Many couples believe that on the breakdown of a marriage their assets will be divided equally between them.  Hannah Sims, a solicitor in our family team, considers some of the circumstances when this approach is not appropriate.

An important consideration on the breakdown of a marriage is the division of joint finances following an often long period of pooled financial resources.  One commonly held view is that such assets will inevitably be split in half, with each party to the marriage receiving 50% of the total matrimonial assets.  Although the ‘equal sharing principle’ is the starting point and a fundamental principle in the consideration of matrimonial finances, there are numerous instances where such resolution is simply not appropriate.

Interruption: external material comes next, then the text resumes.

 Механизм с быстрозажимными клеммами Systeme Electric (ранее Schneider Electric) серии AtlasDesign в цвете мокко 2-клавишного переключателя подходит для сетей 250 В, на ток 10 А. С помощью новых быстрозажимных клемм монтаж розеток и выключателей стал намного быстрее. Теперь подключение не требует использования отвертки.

The court’s ambition is to provide a fair outcome for both parties taking into consideration all the facts of the case.  There are a set of statutory factors that are taken into consideration.  The first consideration must always be given to the welfare of any children of the marriage.  Following this, the factors to which the court should have regard include, but are not limited to, the resources of both parties (including capital and income), the parties’ ages and earning capacities, the duration of the marriage and each parties’ reasonable needs.  It is this balancing act of each parties’ respective interests that often gives rise to a deviation from the 50:50 split.

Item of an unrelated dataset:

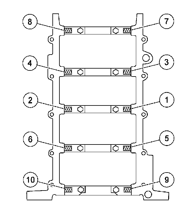 Crankshaft main bearing bolts (side bolts) 21 Nm (15 ft. lbs.)
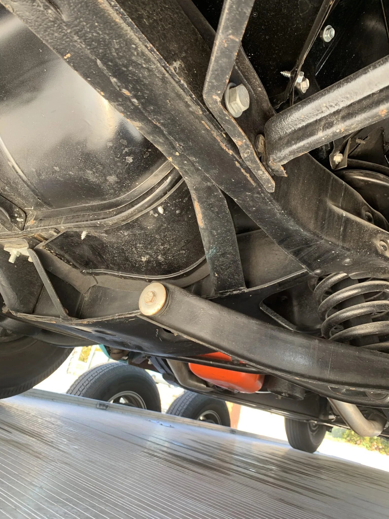 Amenities consist of a locking glove box, a passenger-side clock, a tissue box, a heater and defroster, lap belts, floor mats, and a Wonder Bar push-button radio that has been modified with Bluetooth capability.

Consider a young family where the wife has given up work to care for the three children of the marriage.  On divorce, would it be fair to leave the wife ‘high and dry’ with only a 50% share of the couple’s modest assets and no income to rely on?  Although the couple live a comfortable lifestyle, on one party’s income alone their assets will not stretch to setting up and maintaining two households.

In such a set of circumstances, the court’s first consideration is the welfare of the children and ensuring that they are securely and adequately housed.  This would be what is commonly referred to as a ‘needs case’.  The wife, as the primary carer for the children, has a housing need which needs to be met from the matrimonial assets.  If there is insufficient capital to provide this on only a 50% share of the assets, the courts will not hesitate in giving the wife a greater share of the pot.  It may be that, if the wife requires more than a fair proportion of the assets in order to rehouse, the husband can maintain an interest in any property purchased by the wife such interest being released to him on the youngest child of the family reaching majority; at which point the wife’s housing need is reduced.

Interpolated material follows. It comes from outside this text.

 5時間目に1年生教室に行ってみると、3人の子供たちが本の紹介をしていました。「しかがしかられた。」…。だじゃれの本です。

In terms of income, it is likely the husband will have to maintain the wife at least until she has had a reasonable amount of time to become financially independent. The wife has indefinitely reduced her earning capacity in giving up her job to care for the children and this will be recognised by the courts.  Such a contribution to the family is, in the eyes of the law, equal to the financial contribution made by the earnings of the father.

Next, consider a wealthy businessman who accrued a significant amount of capital pre-marriage.  In marrying, is he really signing away 50% of this pre-acquired wealth?

In circumstances such as these, the husband may be able to argue that some of his assets are ‘non-matrimonial’ and therefore outside the pot for division.  He may be successful in ring-fencing some or all of these assets.  However, if the assets are mingled with matrimonial property, or treated as matrimonial in nature by the parties, then he may have an uphill battle in keeping his pre-acquired wealth entirely separate.  Further, if his property was treated as the matrimonial home it is likely to be deemed matrimonial, irrespective of its heritage.  The matrimonial home is considered to be at the centre of any marriage.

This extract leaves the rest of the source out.